In trypanosomosis real-time PCR (qPCR) methods were described for T. evansi [18], [19], T. brucei [20] and T. cruzi [21], [22]. However, no qPCR for the simultaneous detection of the three species of AAT has been developed so far. In this study a new qPCR assay was designed and its performance compared to the conventional ITS1-PCR. In addition, information on morphological traits, biology and genetic background of the hosts was collected to identify risk factors for trypanosome infection.

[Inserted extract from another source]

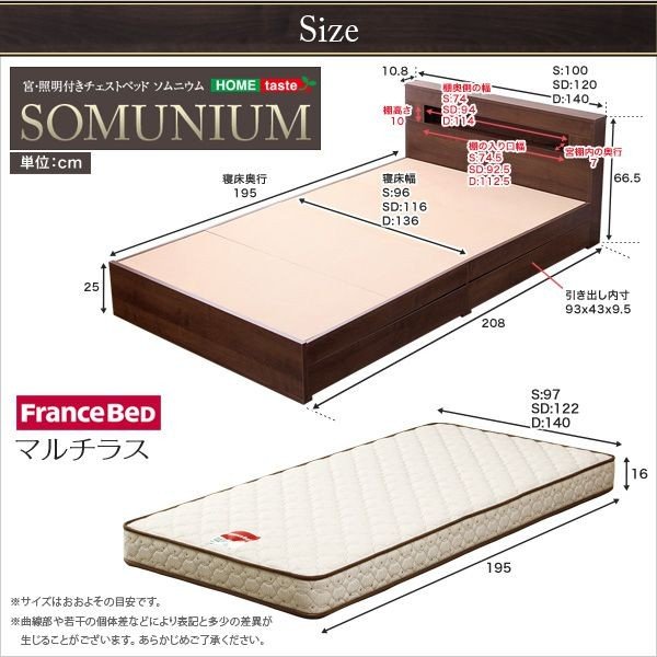 kag-26798 シングル ベッド チェスト 下収納 引き出し 大容量 宮 棚 スマホ ラック ライト 木製 高級 コンセント 充電 ローベッド 照明 マルチラスSS マットレス付

The present study was conducted to (i) determine the prevalence and incidence of AAT in tsetse challenged areas of Burkina Faso, (ii) compare conventional and qPCR detection systems, (iii) determine levels of parasitaemia and (iv) evaluate the genetic background and host biology as risk factors.

Materials and Methods

Ethics statement

All blood samples from cattle were taken during routine veterinary examination by veterinarians or trained personnel. The participating owners of cattle provided their consent and agreed to fill out the survey form.

Sample collection and DNA extraction

In this study 368 individuals from three cattle types, namely the indigenous Baoulé (n = 134; Figure 1A), the Zebu (n = 46; Figure 1B) and their hybrids (n = 188; Figure 1C) were sampled covering the three provinces Cascades, Hauts-Bassins and Sud-Ouest inside the tsetse belt of Burkina Faso. 12 villages from the West and 12 villages from the South-West of Burkina Faso were selected and cattle from six farms per village adding up to 72 different farms sampled (Figure 2). Purebred Zebus are rarely held in tsetse challenged areas due to their greater risk of severe disease. Therefore the sample set was not equally distributed within the three populations but reflects the actual population structure in southern Burkina Faso. In addition to the 368 animals, 28 Zebu cattle from the North (Seguenega n = 8, Marmisga n = 8, Yako n = 7, Nommon n = 5) were used to screen for mechanical trypanosome transmission. Breed assignment was performed based on farmer's information, asking also for the breed status of the two parents and records confirmed by body measurements (height at withers and chest circumference). In addition information on the genetic background was made available [3].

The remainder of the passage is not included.